## Data to use
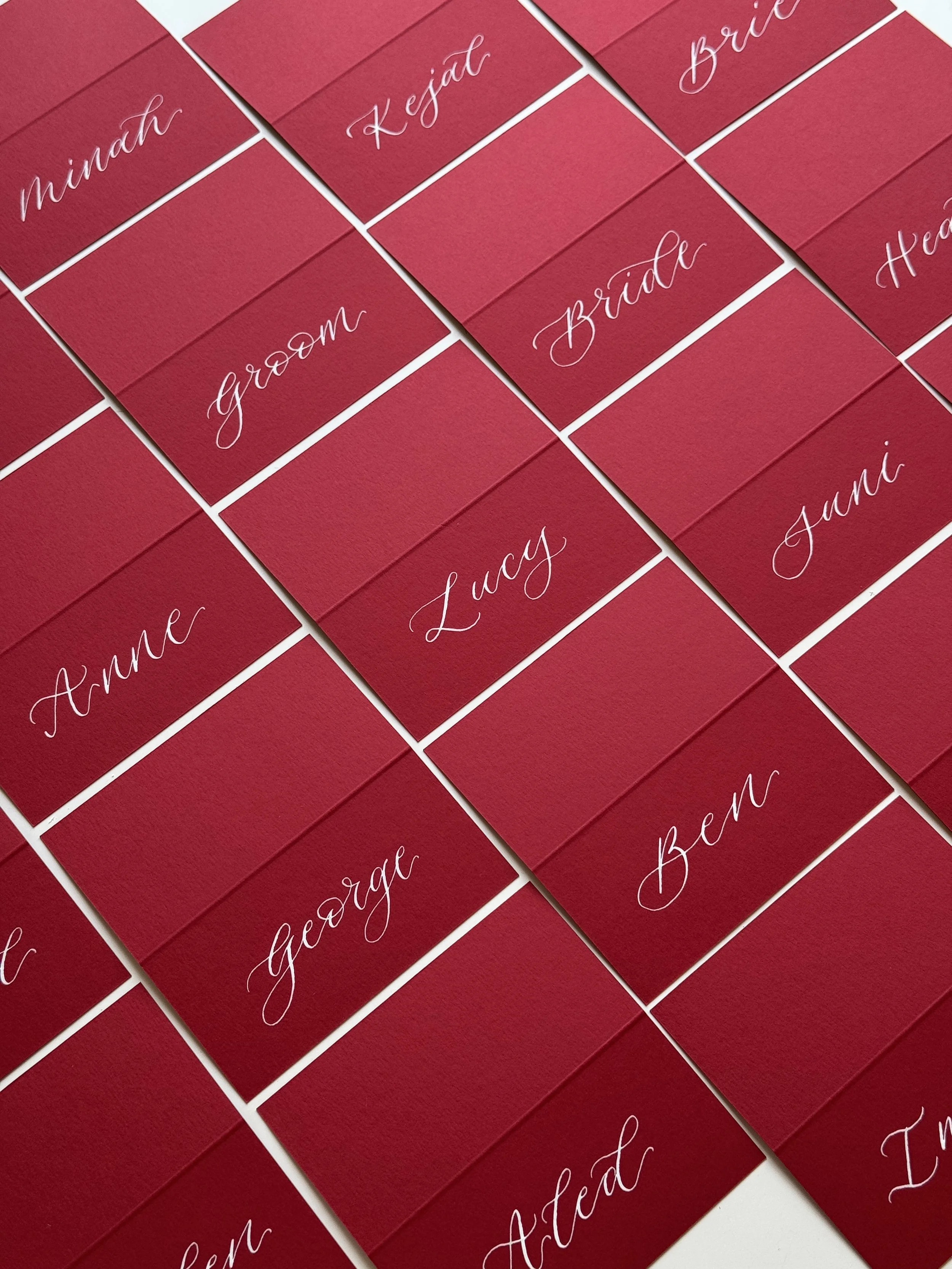 Hand calligraphed using traditional nib and ink, every place card is unique. Lots of shapes, colours & sizes to choose from. Gorgeous shapes can be found here
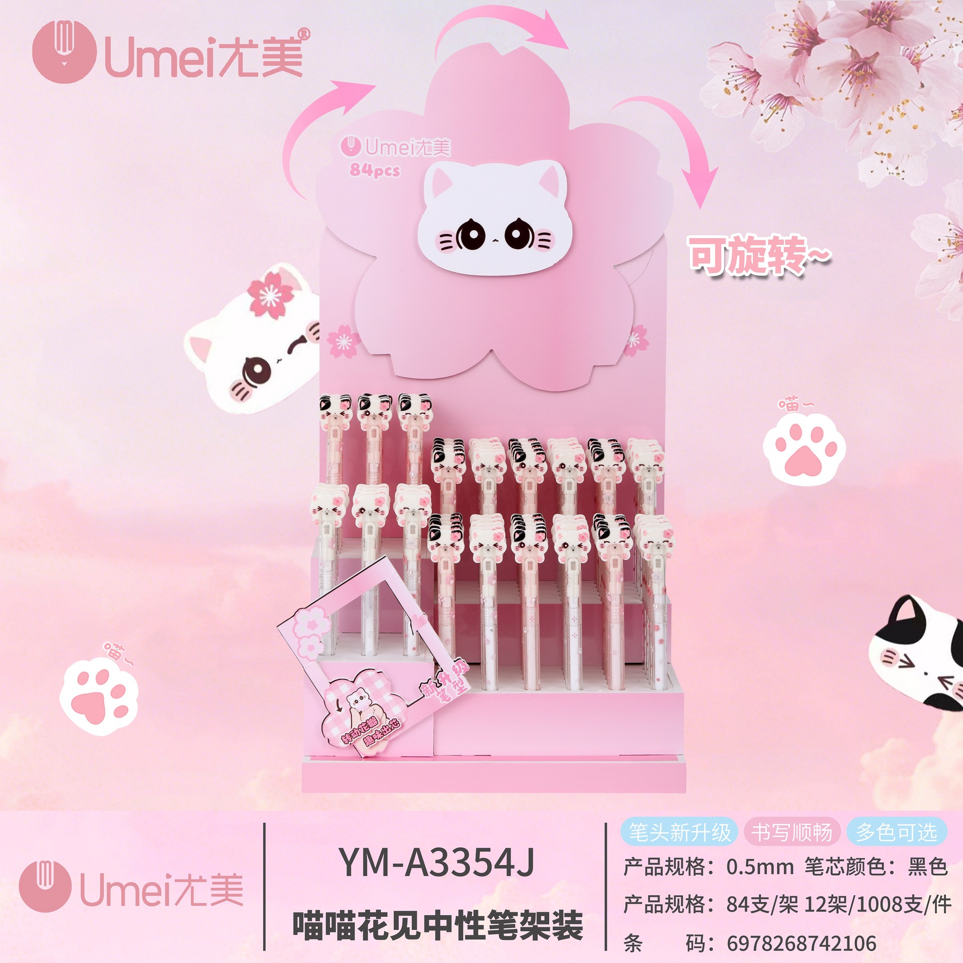尤美A3354喵喵花见系列中性笔可爱学生顺滑速干黑笔办公签字笔
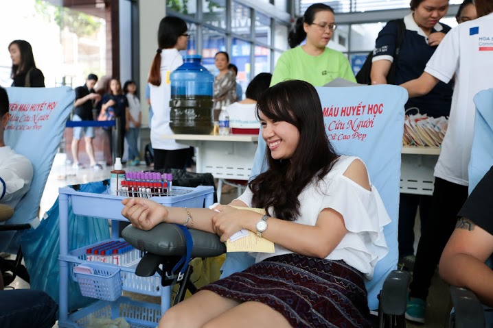 Đông đảo giảng viên, nhân viên và sinh viên Hoa Sen đã tới tham gia chương trình. Cụ thể, có hơn 350 lượt đăng ký, trong đó 233 người đạt yêu cầu hiến máu. Nhiều bạn từ cơ sở Cao Thắng, cơ sở Tản Viên, thậm chí xa nhất là cơ sở Quang Trung cũng có mặt tại Nguyễn Văn Tráng từ rất sớm. Đặc biệt, không ít bạn có hơn 5 năm hiến máu liên tục như Nguyễn Thái Ngọc Yến (Cựu sinh viên khóa 08). Ngọc Yến cho biết, chưa bỏ lỡ một dịp hiến máu tình nguyện nào tổ chức tại trường. Năm nay, Yến là người đến sớm và là người đầu tiên hiến máu.
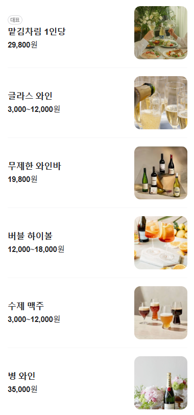 단, 같은 잔에 같은 와인을 리필하면 3,000원만 내면 돼요.
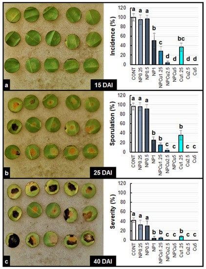 By evaluating the visual aspect of the leaf discs, it was possible to verify a high incidence of the disease in the CONT and NP treatments (0.25 and 0.5 g L−1) at 15 days after infection (DAI) (Figure S1). In the other treatments, the incidence of disease on the leaf discs at 15 DAI was considerably lower (Figure S2). In general, sporulation started at 20 DAI, intensifying at 25 DAI in the CONT and NP, as well as in NPCu and Cu treatments at the lowest Cu concentration (1.25 mmol L−1). On the other hand, the protective effect conferred by NPCu and NP treatments (2.5 and 5 mmol L−1) was visible over the 40 DAI (Figures S1 and S2).
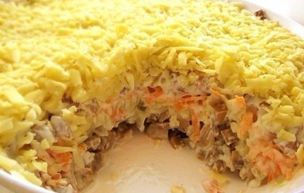 डिश पर परतों में फैला हुआ: डिब्बाबंद शैंपेन, कसा हुआ आलू, लहसुन के साथ गाजर, मेयोनेज़।
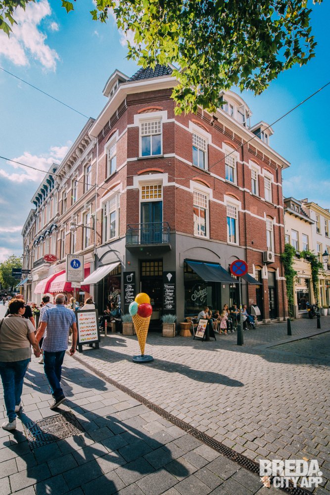Wanneer we verder lopen passeren we bankerbakkerij-Tearoom H. Van Haaren, deze bakkerij ziet er niet alleen prachtig uit, alle producten worden gemaakt in de bakkerij achter de winkel. Een unicum in de binnenstad van Breda, en absoluut een aanrader voor een kop koffie of thee met huisgemaakt gebak!
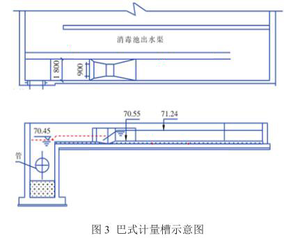 該廠改造后出水經(jīng)二氧化氯消毒后直接排放,為節(jié)省占地,出水明渠與接觸消毒池合建,位于接觸池末端。消毒池出水經(jīng)堰板跌水后通過2.3米的孔洞180°轉(zhuǎn)彎流入出水計(jì)量明渠。如圖3所示。采用巴式計(jì)量槽+超聲波液位計(jì)測定流量。
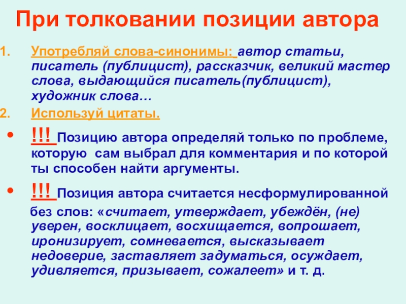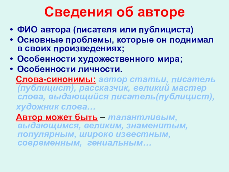 Слова-синонимы: автор статьи, писатель (публицист), рассказчик, великий мастер слова, выдающийся писатель(публицист),
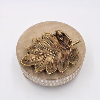 10.25x3.15x1.5" Resin Leaf Trinket with Snail, Antique Gold
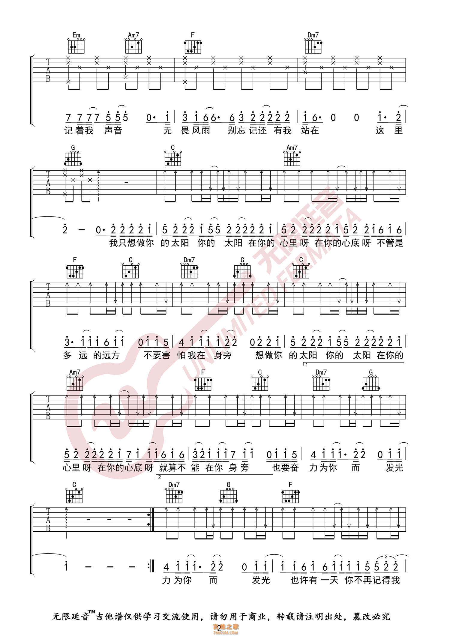 本章为“邱振哲 太阳 吉他谱 无限延音编配 ”信息,了解更多高清无码版本吉他谱、尤克里里、教学视频等信息,请关注吉他之家,我们会持续更新。
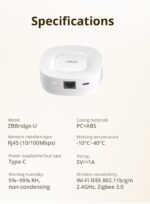 • In addition to Wi-Fi connectivity, Zigbee Bridge Ultra offers the reliability of an Ethernet RJ45 port connection, ensuring a stable and responsive home automation experience.
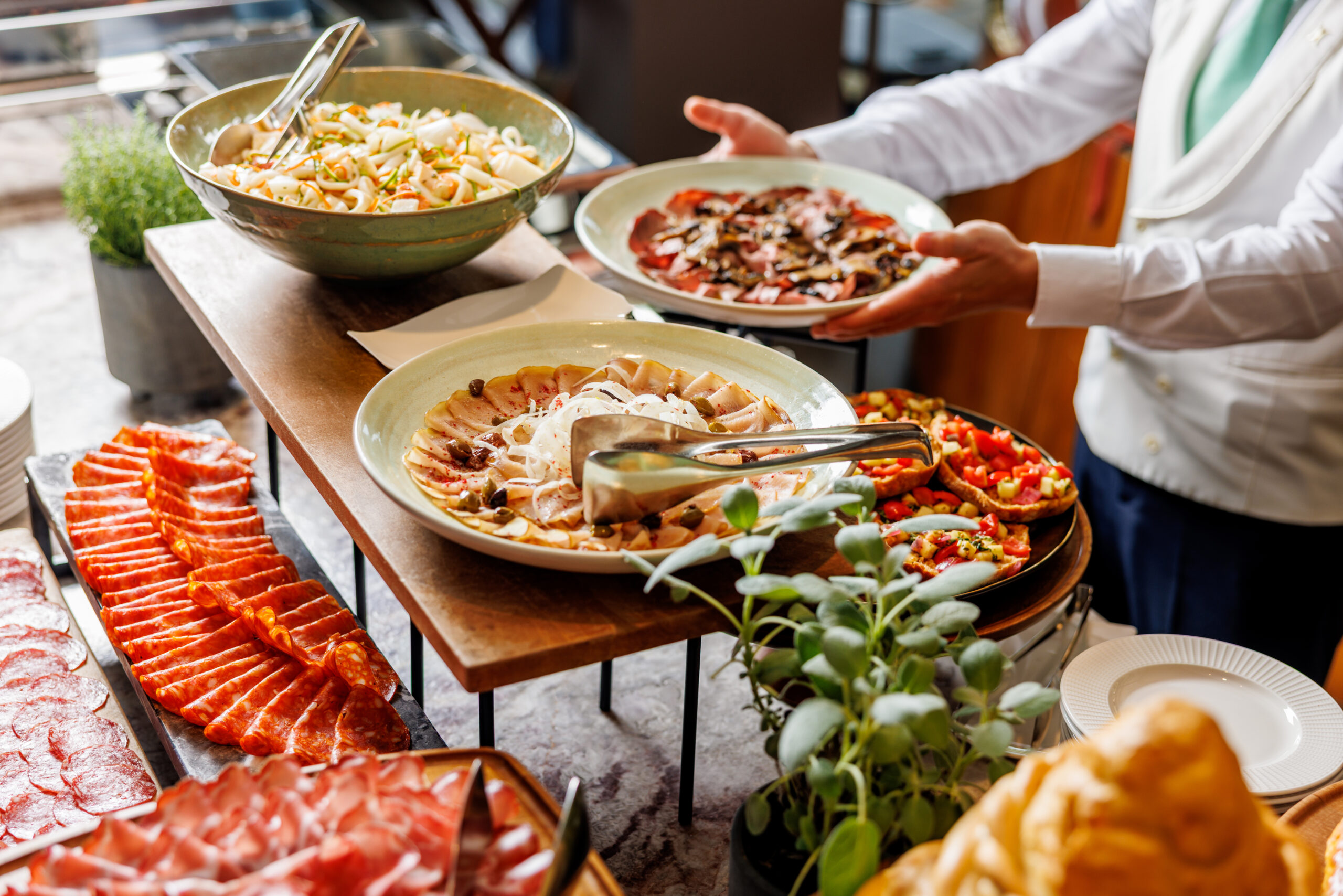 Bianco è l’executive chef responsabile dell’intera proposta gastronomica dell’hotel. Chiamato a soddisfare le esigenze (anche parecchio bizzarre) di una clientela internazionale, non sempre o addirittura raramente gourmet. Bisogna differenziare le proposte. Così l’Eden offre ai propri ospiti – e al pubblico esterno – sia la  cucina italiana “pura”, immediata e riconoscibile de Il Giardino Ristorante, con piatti spesso in condivisione, che la proposta fine dining di La Terrazza, in un momento in cui Roma vive una nuova euforia per l’alta ristorazione (Cracco è appena arrivato, Ducasse ha festeggiato il primo anno nella capitale).
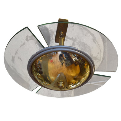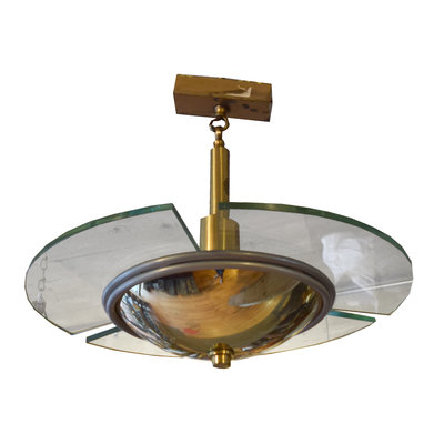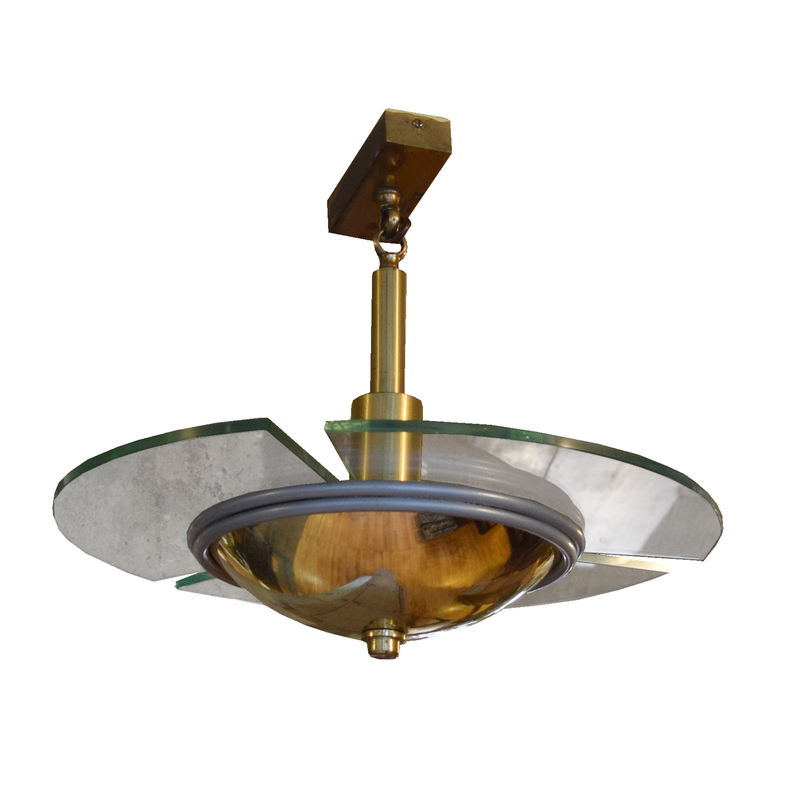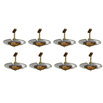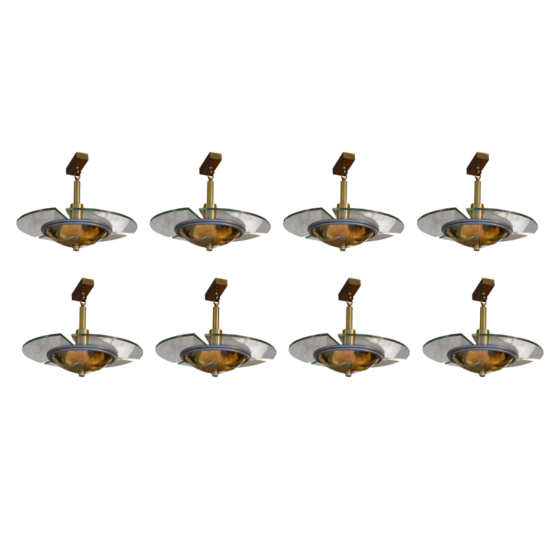 A Set of Eight Brass and Glass Light Fixtures
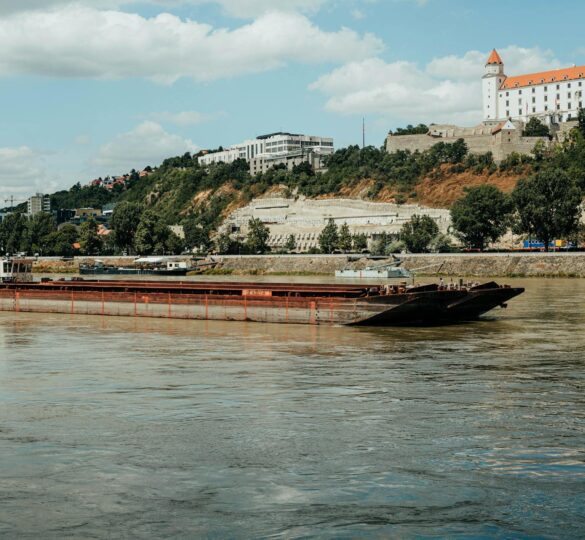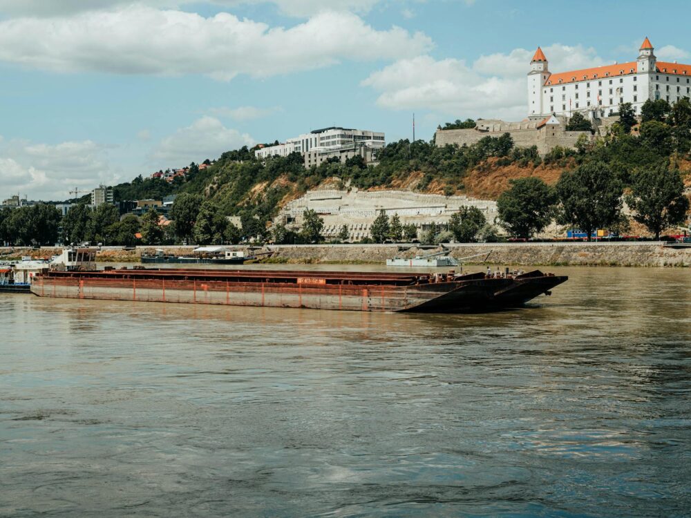 Bratislava surprises almost everyone on first encounter. After Vienna’s grandeur, the Slovakian capital’s compact old town — just a few pedestrianised streets radiating from the main square — feels almost village-like, and entirely charming. The old town is genuinely medieval in its bones: Hlavné námestie (Main Square), the Old Town Hall, and the narrow lanes toward the Danube retain their proportions and much of their character. Above it all, Bratislava Castle sits on a rocky promontory directly over the river — the four-towered ‘overturned table’ silhouette is the city’s defining image, and the views from the castle terrace across three countries (Slovakia, Austria, Hungary) on a clear day are remarkable. The UFO observation deck on the SNP Bridge offers a different perspective of the Danube, and the old town below is full of unexpected bronze statues — a leaning workman, a photographer emerging from a manhole, a French soldier — that appear at odd corners and invite you to slow down.
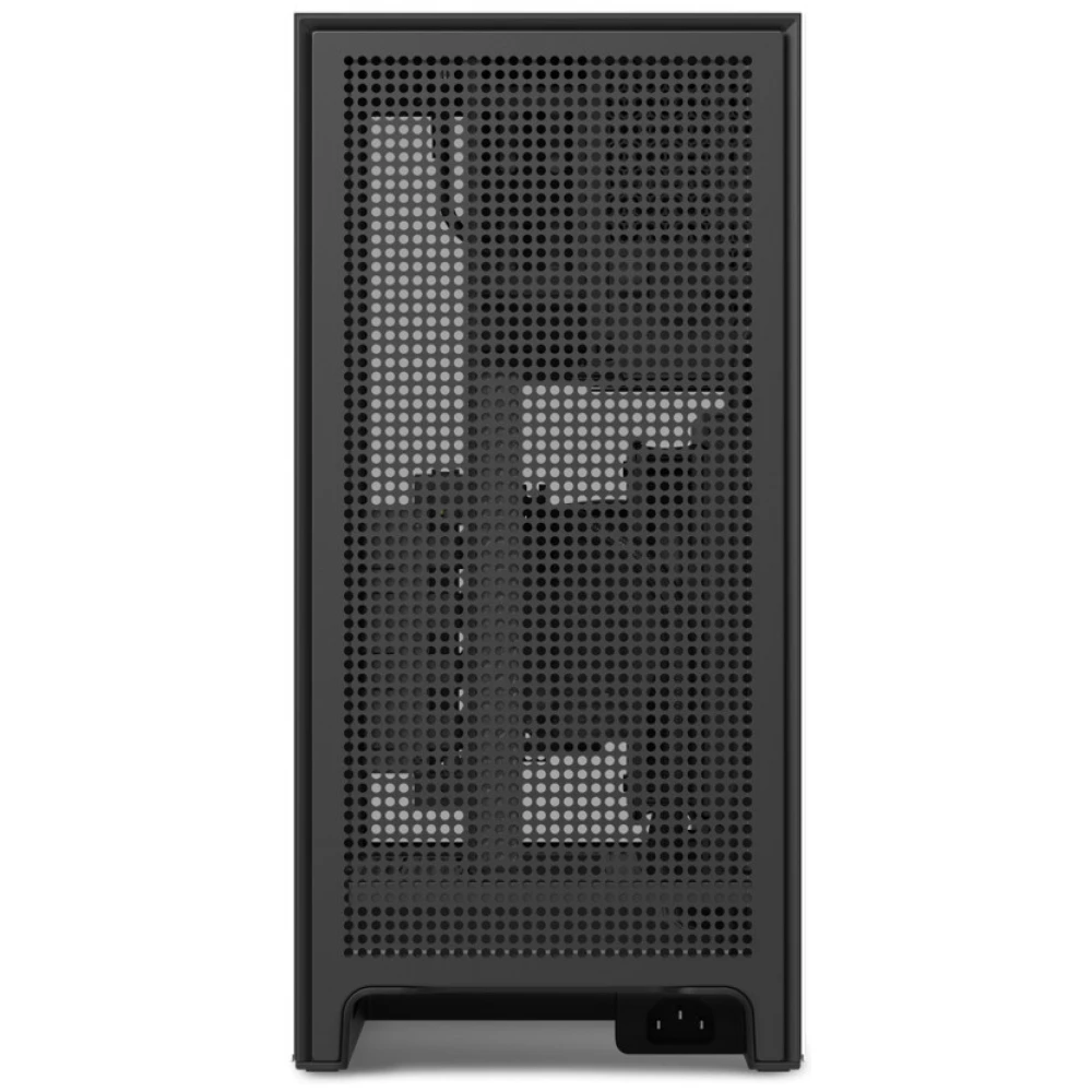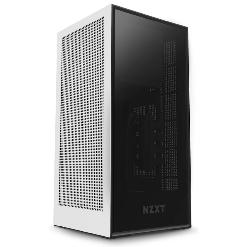 Carcasă de computer cu design turn în format Mini-ITX cu o sursă de alimentare integrată de 650 W și un răcitor de lichid AIO de 140 mm.
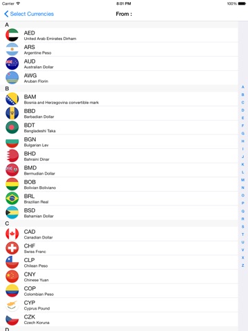 Simple, clear, beautiful design complemented with icons for each currency.

## Problem to solve
The lines from the start of the data through the line that contains "डिश पर परतों" are to be returned exactly, please, with both ends included and every picture left out.

## Expected output
 Hand calligraphed using traditional nib and ink, every place card is unique. Lots of shapes, colours & sizes to choose from. Gorgeous shapes can be found here
尤美A3354喵喵花见系列中性笔可爱学生顺滑速干黑笔办公签字笔
 Đông đảo giảng viên, nhân viên và sinh viên Hoa Sen đã tới tham gia chương trình. Cụ thể, có hơn 350 lượt đăng ký, trong đó 233 người đạt yêu cầu hiến máu. Nhiều bạn từ cơ sở Cao Thắng, cơ sở Tản Viên, thậm chí xa nhất là cơ sở Quang Trung cũng có mặt tại Nguyễn Văn Tráng từ rất sớm. Đặc biệt, không ít bạn có hơn 5 năm hiến máu liên tục như Nguyễn Thái Ngọc Yến (Cựu sinh viên khóa 08). Ngọc Yến cho biết, chưa bỏ lỡ một dịp hiến máu tình nguyện nào tổ chức tại trường. Năm nay, Yến là người đến sớm và là người đầu tiên hiến máu.
 단, 같은 잔에 같은 와인을 리필하면 3,000원만 내면 돼요.
 By evaluating the visual aspect of the leaf discs, it was possible to verify a high incidence of the disease in the CONT and NP treatments (0.25 and 0.5 g L−1) at 15 days after infection (DAI) (Figure S1). In the other treatments, the incidence of disease on the leaf discs at 15 DAI was considerably lower (Figure S2). In general, sporulation started at 20 DAI, intensifying at 25 DAI in the CONT and NP, as well as in NPCu and Cu treatments at the lowest Cu concentration (1.25 mmol L−1). On the other hand, the protective effect conferred by NPCu and NP treatments (2.5 and 5 mmol L−1) was visible over the 40 DAI (Figures S1 and S2).
 डिश पर परतों में फैला हुआ: डिब्बाबंद शैंपेन, कसा हुआ आलू, लहसुन के साथ गाजर, मेयोनेज़।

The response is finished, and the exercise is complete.